Operation Mockingbird was a secret campaign by the United States Central Intelligence Agency (CIA) to influence media. Begun in the 1950s, it was initially organized by Cord Meyer and Allen W. Dulles, it was later led by Frank Wisner after Dulles became the head of the CIA. The organization recruited leading American journalists into a network to help present the CIA’s views, and funded some student and cultural organizations, and magazines as fronts. As it developed, it also worked to influence foreign media and political campaigns, in addition to activities by other operating units of the CIA.
If one is awake, it must be apparent that there has been a persistent campaign to get people to believe, first that Iraq was making an atomic bomb. Remember the face of Colin Powell with all the sincerity he could muster, that Iraq had “weapons of mass destruction.” An attack based on this lies has not found any trace of such weapons in Iraq while reeking much destruction and deaths of Iraqis.

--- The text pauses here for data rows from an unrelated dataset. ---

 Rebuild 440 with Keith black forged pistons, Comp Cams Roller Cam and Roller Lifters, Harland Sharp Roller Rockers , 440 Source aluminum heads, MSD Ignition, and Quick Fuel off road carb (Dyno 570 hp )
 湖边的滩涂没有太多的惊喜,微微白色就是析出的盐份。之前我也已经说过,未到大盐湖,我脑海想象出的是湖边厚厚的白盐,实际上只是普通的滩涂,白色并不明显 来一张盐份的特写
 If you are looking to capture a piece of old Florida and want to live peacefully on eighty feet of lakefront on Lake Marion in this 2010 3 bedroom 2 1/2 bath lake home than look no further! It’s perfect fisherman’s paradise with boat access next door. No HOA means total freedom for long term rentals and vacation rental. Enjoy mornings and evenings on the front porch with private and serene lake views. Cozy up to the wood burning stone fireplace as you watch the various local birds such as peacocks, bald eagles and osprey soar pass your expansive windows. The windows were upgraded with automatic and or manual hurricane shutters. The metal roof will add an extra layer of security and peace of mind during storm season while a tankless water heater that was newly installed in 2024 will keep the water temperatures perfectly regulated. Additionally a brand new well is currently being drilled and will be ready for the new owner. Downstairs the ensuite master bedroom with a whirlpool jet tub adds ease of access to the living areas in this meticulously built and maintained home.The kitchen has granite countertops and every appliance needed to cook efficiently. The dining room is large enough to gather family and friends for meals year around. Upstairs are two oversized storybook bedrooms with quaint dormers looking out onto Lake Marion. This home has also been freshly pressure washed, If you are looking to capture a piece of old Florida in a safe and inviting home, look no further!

Ever since last century (1992), Israel has been “warning” us that Iran has been making an atomic bomb. If you make a carful study of the statements made you can see that we have been given a shortening time to when their bomb would be ready. And this is from a country that has 180 atomic bombs (standard deviation of this estimate: 50 bombs) and started with stolen uranium (google search PLUMBAT). Israel is not accommodating to end the atomic weapons in the hands of psychopaths.
The statements made by a girl, Nayirah before a Congressional Human Rights Caucus on October 10, 1990 hearing that she had seen Kuwait babies in incubators being thrown out. She said “I volunteered at the al-Addan hospital with twelve other women who wanted to help as well. I was the youngest volunteer. The other women were from twenty to thirty years old. While I was there I saw the Iraqi soldiers come into the hospital with guns. They took the babies out of the incubators, took the incubators and left the children to die on the cold floor.[crying] It was horrifying.”

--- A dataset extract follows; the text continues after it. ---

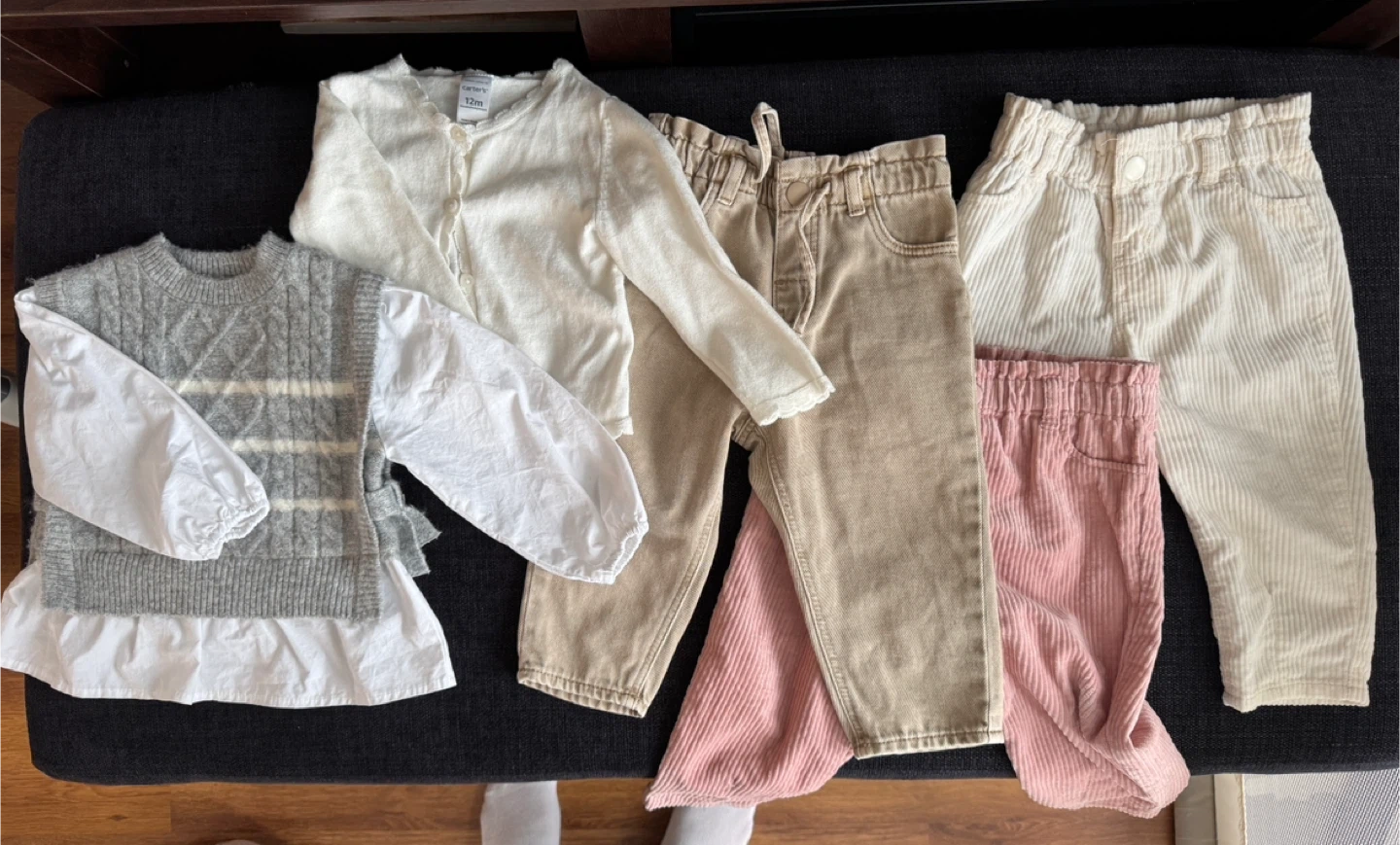 A collection of baby girl outfits including tops, bottoms, and a special "1st Birthday" outfit. Items are in sizes 9-12 months various colours, and materials such as cotton and corduroy. It's a great mix for a baby's wardrobe!

In 1992, it was revealed that Nayirah’s last name was al-Sabah. and that she was the daughter of Saud bin Nasir Al-Sabah, the Kuwaiti ambassador to the United States. It was revealed that her testimony was organized as part of the Citizens for a Free Kuwait public relations campaign which was run by Hill & Knowlton for the Kuwaiti government. Following this, al-Sabah’s testimony has come to be regarded as a classic example of modern wartime propaganda. The girl was coached by the public relations firm Hill & Knowlton. Hill & Knowlton is estimated to have been given as much as $12 million by the Kuwaitis for their public relations campaign.

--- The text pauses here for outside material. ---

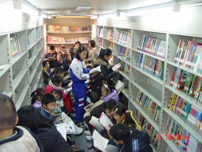 記者在蘇州圖書館了解到, “大篷車”每兩周為一個服務(wù)周期,實(shí)行定點(diǎn)定時服務(wù),該車采用蘇州金龍新型的海格客車改裝而成,車身長近11米,車內(nèi)安裝專用書架15米,可一次攜帶6000冊圖書,車上不僅裝有凈水飲水設(shè)備,還配有兩臺手提電腦、刷卡器、條形碼閱讀器等與圖書館聯(lián)網(wǎng)。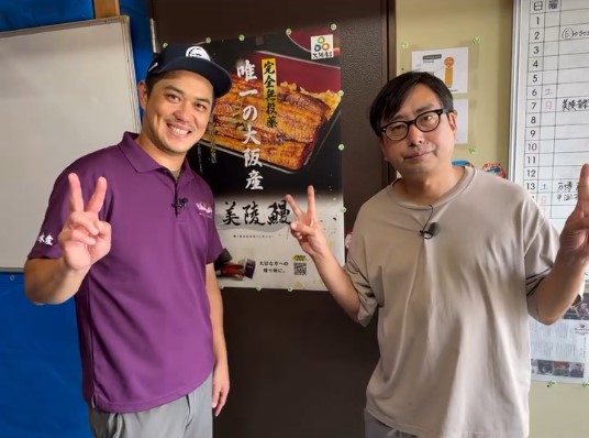 ゲストの《おいでやす小田さん》が養殖場にお越しくださり、美陵鰻を召し上がっていただきました✨

There is an underground media which presents a different view of political activity. Some of these people working in this environment do magnificent investigative work counteracting the spin provided by the mainstream media. The universal use of filming devices, cameras and cell phone have provided proof of alternative news. Thorough work has often exposed doctored photos. But one of the amazing exposures from such detailed work is the film seen over the internet of the Prime Minister of Australia giving a speech (on March the 18th 2003) giving a speech on the weapons of mass destruction etc. in Iraq and simultaneously showing the exactly the same speech being given by the Prime Minister of Canada (on March 20th 2003) to their respective houses of Parliament. It must have taken much detailed work to uncover this “coincidence”. We are left to wonder where this PR spin has come from.
For internet users:
www.youtube.com/watch?v=KB5ljM3AJ2c&feature=youtube_gdata_player
A recent and more egregious example of the way the public is “spun” comes from the once respected BBC and their journalist Ian Pannel. In August 2013 a news item was played coming from the war in Syria. A doctor was interviewed while working on some victims. She says it was “some form of napalm”. In September 2013 the BBC broadcast the same clip, but the reference to napalm had been changed to “chemical weapons”. We must be grateful that there was an observant person who spotted it. The BBC has yet to explain who and how the clip was doctored.
The term ‘public relations’ is morphing into ‘corporate communications’.
— previously published in the Nelson Institute Review.